Docker Training Notes
Docker command: Check if docker is installed fine.
1. docker info
2. docker-compose --version
Hello world with Docker
1. docker run hello-world
Docker took below steps:
1. The docker client contacted the Docker daemon.
2. The Docker daemon pulled the 'hello-world" image from the Docker Hub.
3. The Docker daemon created a new container from that image which runs the executable that produces the output you are currently reading.
4. The Docker daemon streamed that output to the Docker client, which sent it to the terminal.

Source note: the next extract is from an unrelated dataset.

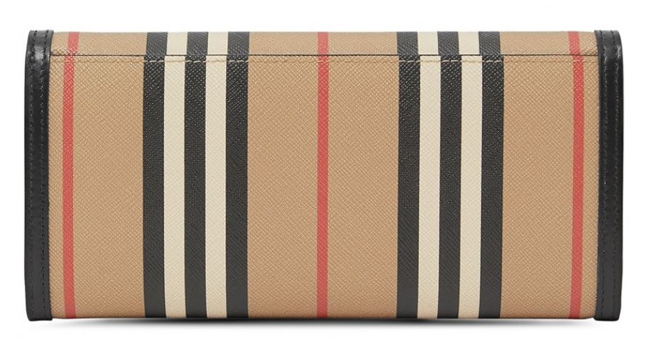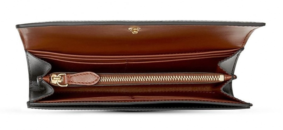 版型纖窄的長夾,飾有別致的標誌性條紋。皮夾內部採用光滑皮革,並設有多個卡片夾層。

CLIENT DOCKER_HOST REGISTRY
| | |
docker build Docker daemon Docker Hub
docker pull Containers
docker run Images
Docker images vs container:
1. Image is combination of filesystem and parameters
2. Image has no state and doesn't change
3. Image is downloaded, build and run
4. Container == running image
5. Image : Class
Container : instance
6. Image : result of running a series of steps i.e. build process
7. One image, many containers
8. Containers are immutable
Downloading and storing Docker Images: Docker Hub is Docker REGISTRY
Docker Registry
|
Docker Repository Docker Repository
| |
Docker Image Docker Image Docker Image Docker Image
| | | |
Tag:v1 Tag:v2 Tag:v1 Tag:v2
https://hub.docker.com/explore/
How to specify your own registry/hub:
docker run docker.io/library/hello-world
docker run library/hello-world
Automated Deployments steps for docker images:
1. Push Code
2. Kick Off CI Tasks
3. Build image
4. Send webhook
5. Receive webhook
6. Pull new image
7. Restart containers
Docker Hub vs Docker Store
- Your Images - Offical images
- Free community Images - Paid Trusted Images
- Unlimited public repos. - Keeps tab on paid content
Docker build process:
2 ways:
1. docker commit
2. dockerfile (superior) - has build steps for your application
Dockerize a simple web application:
Dockerfile:
--------------------------------------------------------------------------------
FROM <baseimage_name>:<baseimage_version> // To load base image
FROM usage exmaple:
FROM python:2.7-alpine
FROM ruby:2.4-alpine
RUN mkdir /app // to run commands
WORKDIR /app // sets a working directory for next set of instructions
// can be multiple in a file
COPY requirements.txt requirements.txt // it will copy the file from current directory to /app directory
RUN pip install -r requirements.txt // -r is to install packages listed in a file
COPY . . // copy everything from local directory to current /app folder
// docker caches the instructions in docker file where it doesn't find out the files changed in the docker client.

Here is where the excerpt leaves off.